(Records from a data collection)
● ● ● ●
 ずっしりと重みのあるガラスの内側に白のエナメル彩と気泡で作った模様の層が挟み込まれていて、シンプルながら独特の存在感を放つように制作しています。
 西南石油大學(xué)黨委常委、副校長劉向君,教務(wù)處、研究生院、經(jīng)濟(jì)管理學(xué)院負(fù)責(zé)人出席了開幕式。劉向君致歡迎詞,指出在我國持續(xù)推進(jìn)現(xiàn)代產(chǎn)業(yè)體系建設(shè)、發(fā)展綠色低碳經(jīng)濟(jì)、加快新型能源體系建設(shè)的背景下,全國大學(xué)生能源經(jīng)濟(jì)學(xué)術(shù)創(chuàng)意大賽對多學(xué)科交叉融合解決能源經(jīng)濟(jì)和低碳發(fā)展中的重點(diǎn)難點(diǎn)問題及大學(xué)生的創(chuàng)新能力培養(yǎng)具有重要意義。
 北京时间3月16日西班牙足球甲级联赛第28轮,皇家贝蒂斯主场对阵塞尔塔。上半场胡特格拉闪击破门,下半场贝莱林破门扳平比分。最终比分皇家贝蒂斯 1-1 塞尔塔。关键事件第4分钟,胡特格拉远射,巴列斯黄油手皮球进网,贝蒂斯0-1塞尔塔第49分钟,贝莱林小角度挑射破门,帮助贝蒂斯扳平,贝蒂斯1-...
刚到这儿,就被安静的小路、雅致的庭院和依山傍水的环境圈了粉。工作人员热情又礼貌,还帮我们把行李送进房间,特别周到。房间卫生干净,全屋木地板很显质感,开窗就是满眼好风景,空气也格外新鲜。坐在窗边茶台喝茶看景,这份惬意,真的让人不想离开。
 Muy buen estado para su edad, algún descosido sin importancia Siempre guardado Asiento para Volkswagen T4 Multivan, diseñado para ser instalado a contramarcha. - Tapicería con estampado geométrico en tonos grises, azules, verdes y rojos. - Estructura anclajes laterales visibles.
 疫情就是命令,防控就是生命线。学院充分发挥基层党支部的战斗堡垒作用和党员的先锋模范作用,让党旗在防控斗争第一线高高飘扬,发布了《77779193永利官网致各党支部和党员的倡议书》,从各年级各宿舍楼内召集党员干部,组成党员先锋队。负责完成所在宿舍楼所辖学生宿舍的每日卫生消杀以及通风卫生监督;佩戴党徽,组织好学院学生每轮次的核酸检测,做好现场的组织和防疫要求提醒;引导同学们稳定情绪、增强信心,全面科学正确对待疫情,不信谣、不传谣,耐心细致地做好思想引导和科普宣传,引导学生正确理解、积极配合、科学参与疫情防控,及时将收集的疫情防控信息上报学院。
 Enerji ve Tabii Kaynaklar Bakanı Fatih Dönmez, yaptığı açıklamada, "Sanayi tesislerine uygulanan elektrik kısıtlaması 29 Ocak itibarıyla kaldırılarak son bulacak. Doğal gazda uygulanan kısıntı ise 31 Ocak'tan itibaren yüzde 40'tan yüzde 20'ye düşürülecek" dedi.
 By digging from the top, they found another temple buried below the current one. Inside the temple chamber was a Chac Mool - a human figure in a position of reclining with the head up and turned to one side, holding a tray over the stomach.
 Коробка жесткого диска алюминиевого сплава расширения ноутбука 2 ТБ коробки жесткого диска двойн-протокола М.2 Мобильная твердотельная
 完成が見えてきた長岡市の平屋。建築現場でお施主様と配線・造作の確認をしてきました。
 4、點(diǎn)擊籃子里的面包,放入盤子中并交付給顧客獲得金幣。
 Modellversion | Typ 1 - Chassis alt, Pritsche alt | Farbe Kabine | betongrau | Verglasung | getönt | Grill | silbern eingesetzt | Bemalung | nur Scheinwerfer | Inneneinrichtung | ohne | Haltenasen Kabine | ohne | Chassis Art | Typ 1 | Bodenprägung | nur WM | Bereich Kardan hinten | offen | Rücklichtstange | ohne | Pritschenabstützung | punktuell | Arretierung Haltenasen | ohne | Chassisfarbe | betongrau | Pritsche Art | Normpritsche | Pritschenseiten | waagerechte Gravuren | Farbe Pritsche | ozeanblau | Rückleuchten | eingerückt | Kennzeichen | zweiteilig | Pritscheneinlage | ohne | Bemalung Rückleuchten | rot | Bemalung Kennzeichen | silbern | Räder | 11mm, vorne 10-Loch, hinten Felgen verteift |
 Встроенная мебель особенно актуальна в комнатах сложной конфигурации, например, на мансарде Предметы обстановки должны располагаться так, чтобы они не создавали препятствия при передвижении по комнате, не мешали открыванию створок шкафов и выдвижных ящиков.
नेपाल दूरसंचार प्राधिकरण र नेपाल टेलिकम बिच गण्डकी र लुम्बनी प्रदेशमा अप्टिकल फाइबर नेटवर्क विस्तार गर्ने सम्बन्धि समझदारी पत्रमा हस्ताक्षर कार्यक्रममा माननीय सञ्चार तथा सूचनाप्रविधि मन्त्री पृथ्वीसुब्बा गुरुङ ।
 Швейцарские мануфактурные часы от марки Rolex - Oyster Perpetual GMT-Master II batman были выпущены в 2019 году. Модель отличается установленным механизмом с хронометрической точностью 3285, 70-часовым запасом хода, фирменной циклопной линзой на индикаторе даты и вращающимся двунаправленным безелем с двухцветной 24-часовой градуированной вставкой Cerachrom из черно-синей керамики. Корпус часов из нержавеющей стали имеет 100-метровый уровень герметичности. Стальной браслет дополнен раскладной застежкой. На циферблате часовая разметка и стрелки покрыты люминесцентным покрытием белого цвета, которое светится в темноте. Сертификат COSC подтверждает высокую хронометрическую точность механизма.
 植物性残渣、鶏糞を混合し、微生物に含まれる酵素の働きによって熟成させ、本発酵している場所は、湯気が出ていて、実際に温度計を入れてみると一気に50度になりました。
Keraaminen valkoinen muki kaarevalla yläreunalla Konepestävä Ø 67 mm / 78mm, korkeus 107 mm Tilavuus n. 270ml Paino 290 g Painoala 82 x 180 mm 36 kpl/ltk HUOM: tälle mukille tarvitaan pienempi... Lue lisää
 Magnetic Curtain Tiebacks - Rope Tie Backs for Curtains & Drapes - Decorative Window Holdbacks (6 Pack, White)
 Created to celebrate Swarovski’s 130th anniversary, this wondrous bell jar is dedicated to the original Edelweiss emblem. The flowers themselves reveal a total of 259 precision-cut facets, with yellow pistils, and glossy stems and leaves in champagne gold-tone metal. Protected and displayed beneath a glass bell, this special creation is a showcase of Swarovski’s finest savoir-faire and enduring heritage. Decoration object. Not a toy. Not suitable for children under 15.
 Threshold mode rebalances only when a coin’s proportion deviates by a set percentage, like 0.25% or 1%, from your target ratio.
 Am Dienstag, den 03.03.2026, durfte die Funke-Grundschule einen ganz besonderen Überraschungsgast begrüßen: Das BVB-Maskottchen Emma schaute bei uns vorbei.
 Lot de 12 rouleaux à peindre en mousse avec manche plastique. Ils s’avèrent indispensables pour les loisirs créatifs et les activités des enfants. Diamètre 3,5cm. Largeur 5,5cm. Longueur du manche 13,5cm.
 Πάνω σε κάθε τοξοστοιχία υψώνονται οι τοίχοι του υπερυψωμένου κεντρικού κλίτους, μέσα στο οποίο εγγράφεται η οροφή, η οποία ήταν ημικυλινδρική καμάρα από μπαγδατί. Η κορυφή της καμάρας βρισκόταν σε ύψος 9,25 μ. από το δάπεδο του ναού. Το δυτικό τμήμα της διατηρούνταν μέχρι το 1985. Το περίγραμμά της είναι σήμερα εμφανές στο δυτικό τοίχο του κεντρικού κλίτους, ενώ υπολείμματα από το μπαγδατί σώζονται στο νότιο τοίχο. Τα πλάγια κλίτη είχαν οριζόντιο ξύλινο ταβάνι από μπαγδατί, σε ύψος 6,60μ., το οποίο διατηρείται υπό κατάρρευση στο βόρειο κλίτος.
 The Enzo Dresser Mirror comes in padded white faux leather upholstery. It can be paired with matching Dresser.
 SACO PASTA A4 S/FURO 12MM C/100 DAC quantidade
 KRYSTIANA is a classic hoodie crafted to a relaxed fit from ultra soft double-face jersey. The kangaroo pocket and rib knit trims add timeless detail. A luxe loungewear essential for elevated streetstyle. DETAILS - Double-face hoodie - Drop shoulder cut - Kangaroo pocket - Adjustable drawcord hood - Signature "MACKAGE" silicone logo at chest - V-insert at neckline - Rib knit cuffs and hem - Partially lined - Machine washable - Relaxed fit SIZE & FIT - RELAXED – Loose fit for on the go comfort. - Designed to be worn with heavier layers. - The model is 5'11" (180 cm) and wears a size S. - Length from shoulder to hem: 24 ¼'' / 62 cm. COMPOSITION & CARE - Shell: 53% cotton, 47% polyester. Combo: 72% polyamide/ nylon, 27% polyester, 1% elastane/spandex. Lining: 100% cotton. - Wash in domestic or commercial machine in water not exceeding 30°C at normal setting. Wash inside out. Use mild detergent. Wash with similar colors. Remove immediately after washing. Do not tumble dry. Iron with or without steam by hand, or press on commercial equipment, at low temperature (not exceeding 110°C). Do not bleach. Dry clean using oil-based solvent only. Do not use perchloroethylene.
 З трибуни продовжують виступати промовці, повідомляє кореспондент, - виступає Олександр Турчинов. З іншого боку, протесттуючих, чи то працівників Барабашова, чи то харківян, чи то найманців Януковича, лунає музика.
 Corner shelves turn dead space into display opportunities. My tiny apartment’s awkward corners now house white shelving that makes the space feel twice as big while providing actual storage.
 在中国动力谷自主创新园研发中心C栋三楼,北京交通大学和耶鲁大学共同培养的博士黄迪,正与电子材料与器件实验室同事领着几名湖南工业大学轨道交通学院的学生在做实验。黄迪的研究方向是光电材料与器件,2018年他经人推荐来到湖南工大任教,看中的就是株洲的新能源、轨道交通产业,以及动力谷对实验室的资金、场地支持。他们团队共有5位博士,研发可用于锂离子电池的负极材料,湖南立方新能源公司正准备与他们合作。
● ● ● ●
Your task
Reproduce each line of the data containing the word "diǎn".

Response area
 西南石油大學(xué)黨委常委、副校長劉向君,教務(wù)處、研究生院、經(jīng)濟(jì)管理學(xué)院負(fù)責(zé)人出席了開幕式。劉向君致歡迎詞,指出在我國持續(xù)推進(jìn)現(xiàn)代產(chǎn)業(yè)體系建設(shè)、發(fā)展綠色低碳經(jīng)濟(jì)、加快新型能源體系建設(shè)的背景下,全國大學(xué)生能源經(jīng)濟(jì)學(xué)術(shù)創(chuàng)意大賽對多學(xué)科交叉融合解決能源經(jīng)濟(jì)和低碳發(fā)展中的重點(diǎn)難點(diǎn)問題及大學(xué)生的創(chuàng)新能力培養(yǎng)具有重要意義。
 4、點(diǎn)擊籃子里的面包,放入盤子中并交付給顧客獲得金幣。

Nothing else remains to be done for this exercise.